Nous retrouvons là son caractère poltron.

Face à lui, Dom Juan, toujours calme, répond tout d’abord de façon laconique (répliques très courtes) et par monosyllabes (« Laissons cela. » /

« Hé » / « Oui, oui. » / « Ah ! Ah ! Ah ! » :

« La peste soit du fat ! ») Ces répliques laissent beaucoup de liberté d’interprétation au comédien. Puis, devant l’insistance de Sganarelle, le maître finit par répondre en prenant son temps :

« Sganarelle

(…) qu’est-ce donc que vous croyez ? Dom Juan

Ce que je crois ? Sganarelle Oui.

Dom Juan

Je crois que deux et deux sont quatre, Sganarelle, et que quatre et quatre sont huit. »

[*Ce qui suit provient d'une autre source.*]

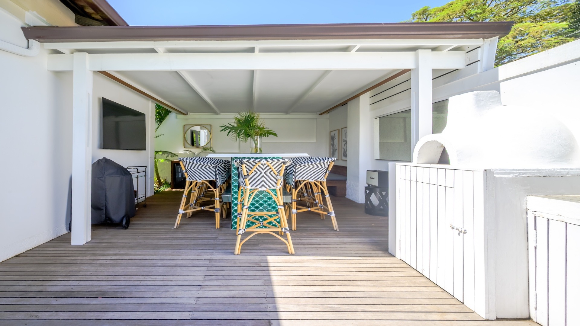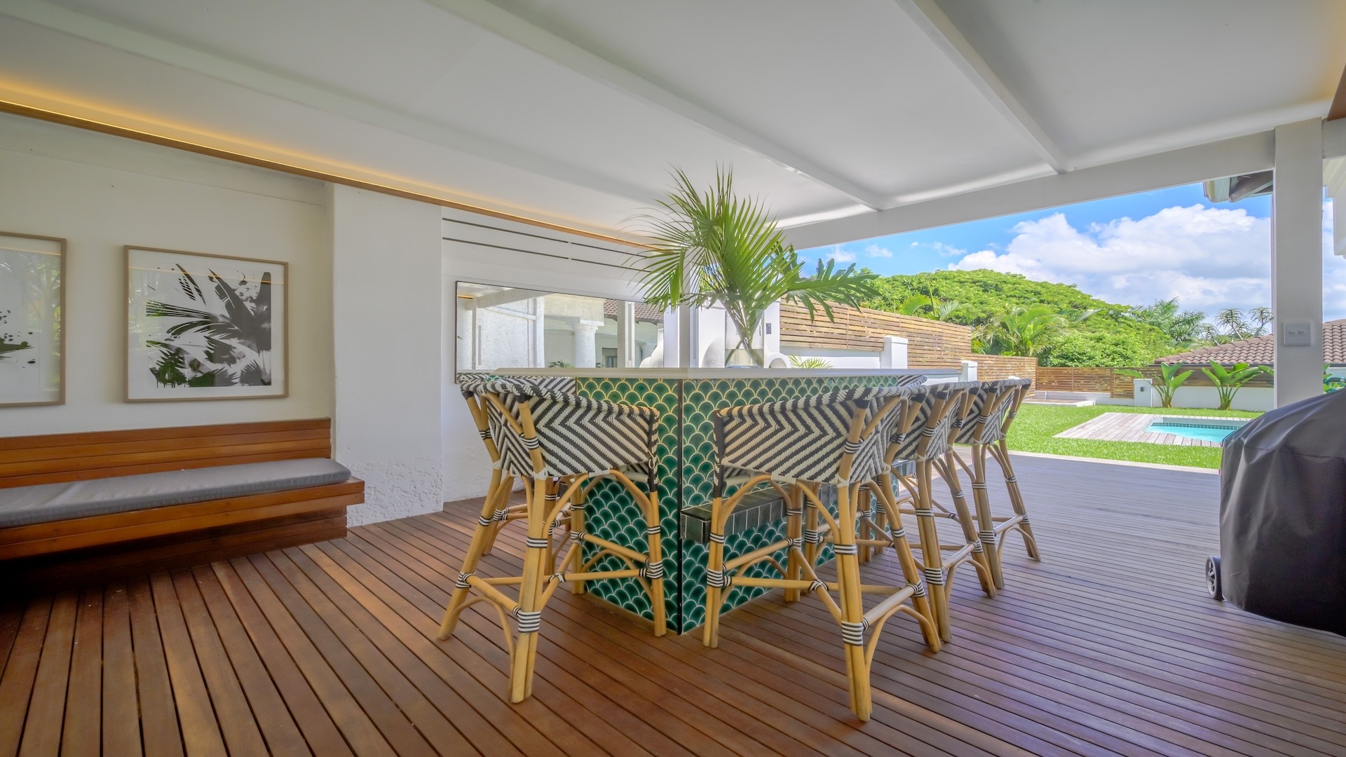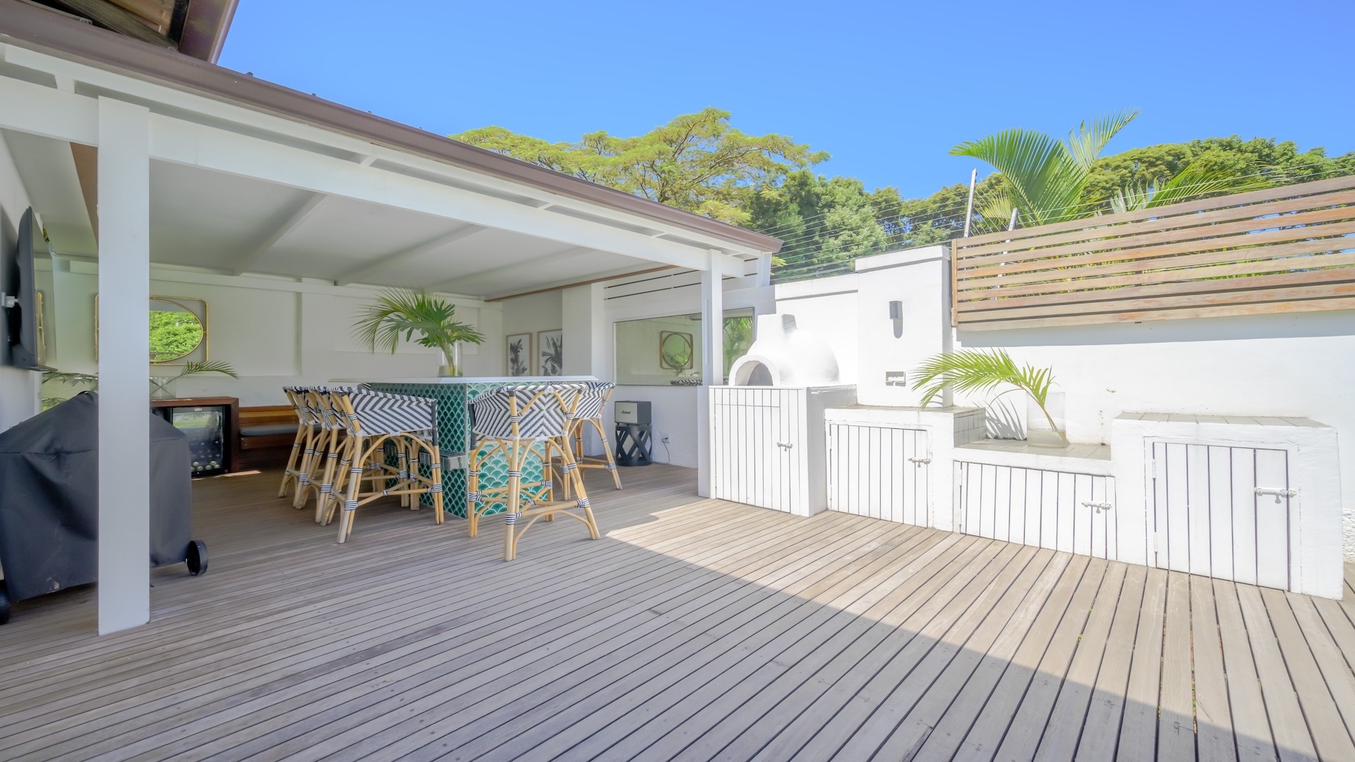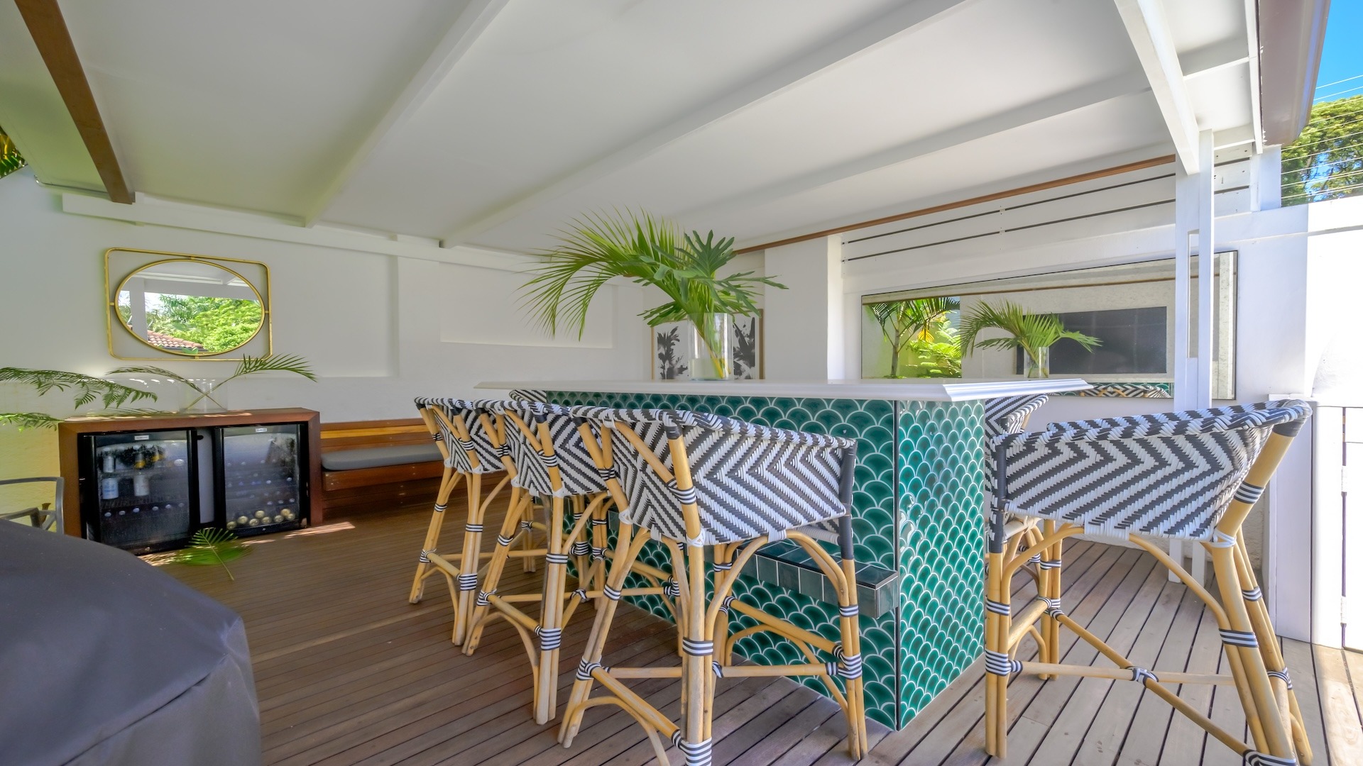 Designed with entertainers in mind, the home boasts a dedicated bar area that flows out to the outdoor entertainment space overlooking a
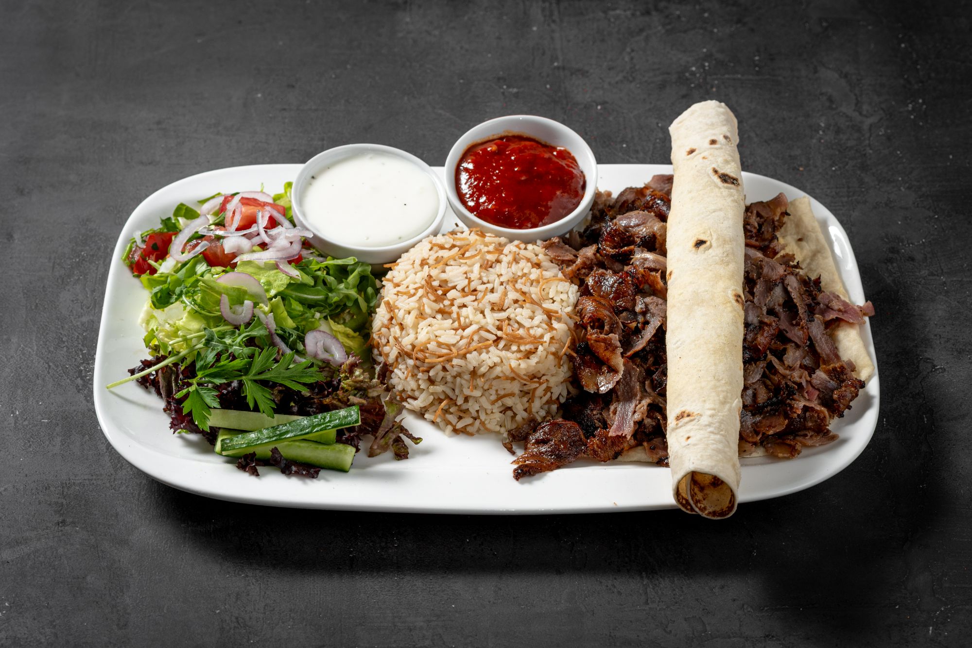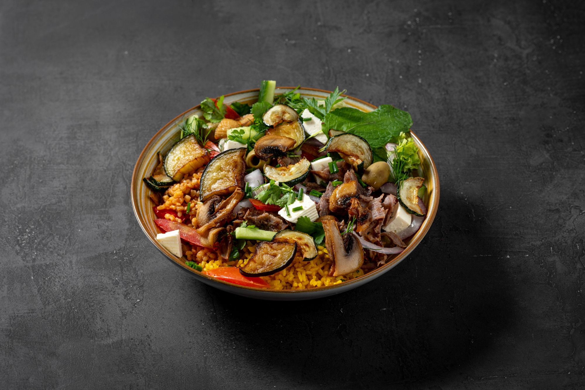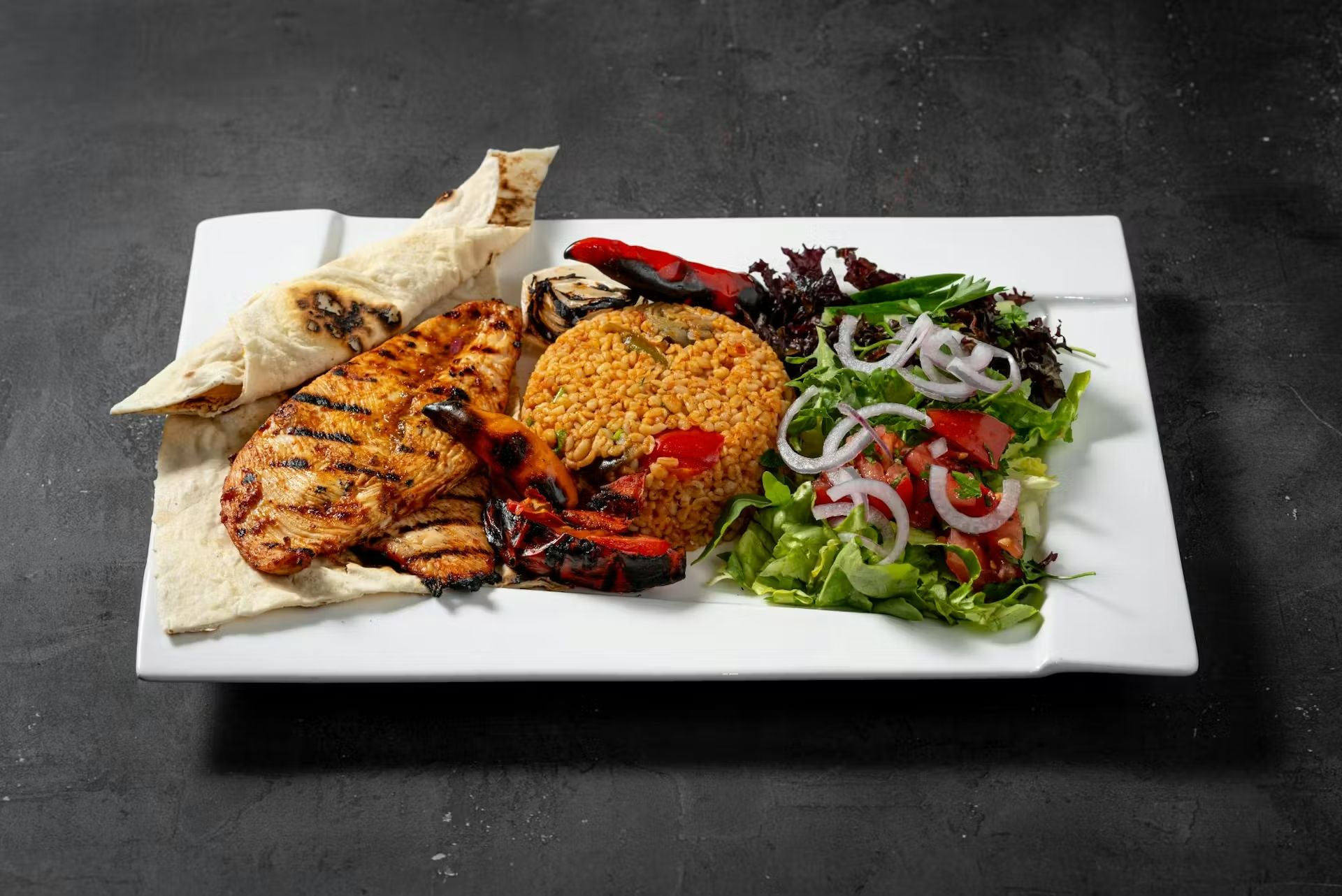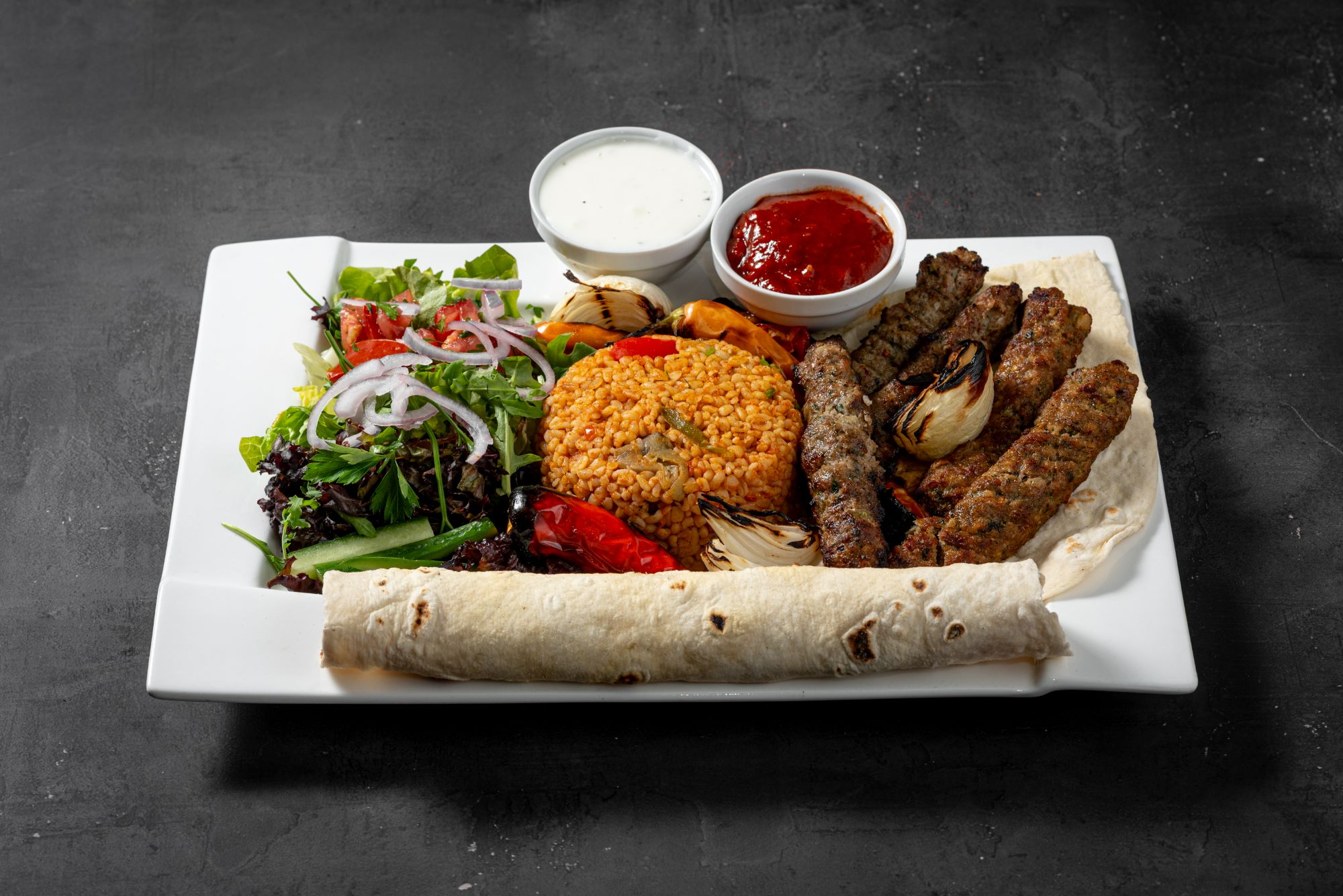 - grillowana sałata - na bazie bakłażana, papryki, pomidorów, cebuli, beyti grill, lavash, hummus, pasta czosnkowa, mutebbel, muhammara, frytki, mix mięs doner,

Cette dernière réplique est sans doute l’une des plus célèbres et des plus importantes de la pièce. Dom Juan affirme ici son rationalisme, probablement très choquant pour une partie du public de l’époque. Dans la mise en scène de Daniel Mesguich, le personnage semble bien réfléchir avant de formuler sa réponse. Il pèse ses mots et, par là, affirme qu’il ne croit que dans le pouvoir de la raison. Il rejette, dans le même temps, le Ciel, l’enfer et la vie éternelle.